Bringing computers to light
Lighting design, online, in three dimensions
Posted January 2001
The house lights dim, the stage lights go up and the technical magic of theater begins. With the push of a button, a 13-minute automated show fills the theater with a continuously changing dance of lights, color, movement, music and sounds.
The demonstration by R. Lee Kennedy, associate professor of lighting design in the department of drama, shows students in his undergraduate lighting course how to orchestrate theater lights — to control their intensity, focus, patterns and colors and to direct the movement of robotic lights.
“Lighting is all about the experience of light in three dimensions in real time,” Kennedy said. And the experience is powerful.
To enable his students to focus on lighting design and critical thinking, Kennedy has developed an automated lighting studio, a Web-based computer interface that brings together instructional media and computerized lighting control. A practical advantage is that the program bypasses the time-consuming task of manually setting up lights.
Kennedy’s Web-based instructional material is “cutting-edge, or at least bleeding-edge,” he said. “It’s the first project I’m aware of that closes the gap between traditional computer-based instructional technology and stage lighting performance technology.”
His innovative joining of applications combines a fixed array of remotely controlled, automated lighting instruments, an ordinary personal computer and free lighting control software.

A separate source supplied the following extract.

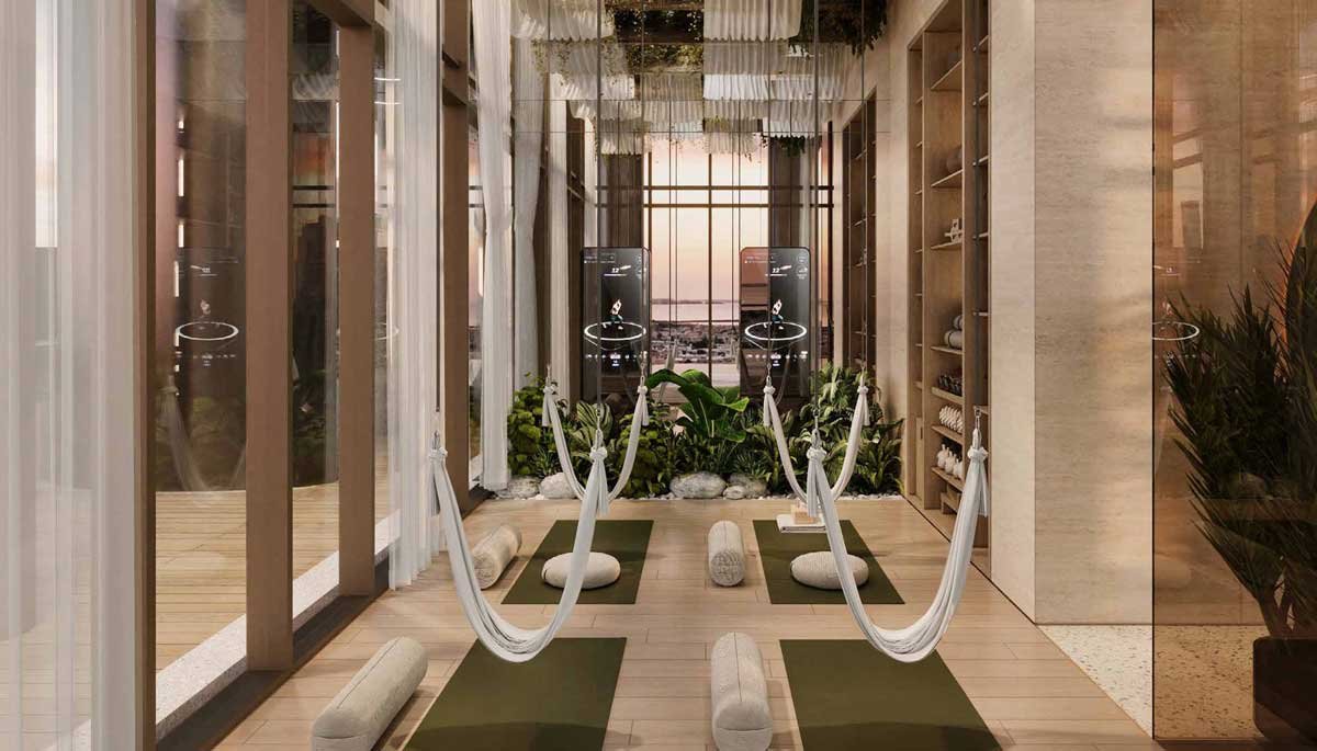 Hermès-accessorized 17-story waterfront homes with resort-style facilities.

Students use a simple Web browser to bridge the technical theory of theater lighting and the practical manipulation of lights in the studio. In fact, students with no lighting experience can have immediate hands-on interactivity using only basic Web navigating skills.

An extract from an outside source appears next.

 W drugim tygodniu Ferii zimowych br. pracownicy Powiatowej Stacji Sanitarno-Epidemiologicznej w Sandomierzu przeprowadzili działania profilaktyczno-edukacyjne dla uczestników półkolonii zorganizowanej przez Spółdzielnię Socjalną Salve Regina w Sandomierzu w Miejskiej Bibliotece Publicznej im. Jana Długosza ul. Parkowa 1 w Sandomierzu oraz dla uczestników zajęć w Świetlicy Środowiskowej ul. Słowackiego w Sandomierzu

“The learning curve is accelerated,” Kennedy said. “The students are able to experiment and develop projects that are much more sophisticated than with traditional classroom instruction.”

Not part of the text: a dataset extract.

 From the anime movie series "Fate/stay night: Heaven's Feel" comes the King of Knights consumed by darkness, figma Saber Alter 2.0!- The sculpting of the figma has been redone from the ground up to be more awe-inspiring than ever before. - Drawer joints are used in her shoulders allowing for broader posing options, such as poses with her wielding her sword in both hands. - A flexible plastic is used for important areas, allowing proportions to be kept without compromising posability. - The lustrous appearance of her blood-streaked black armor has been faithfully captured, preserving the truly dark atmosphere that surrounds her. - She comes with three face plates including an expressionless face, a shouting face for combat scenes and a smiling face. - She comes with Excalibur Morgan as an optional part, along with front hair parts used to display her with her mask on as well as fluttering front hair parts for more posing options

Another advantage is that students can work off-line. The lighting software uses a standard file format that can readily be transferred over networks, stored on floppy disks, e-mailed as attachments or embedded in Web pages. The portability allows instruction, as well as work on assignments and projects, to take place both in and out of the studio.
The automated lighting studio also reduces Kennedy’s time-consuming class preparation and in-class set-up. The automated lights are installed in a standard configuration that allows him to pre-program interactive lectures and demonstrations. More time is available for student work and one-on-one instruction.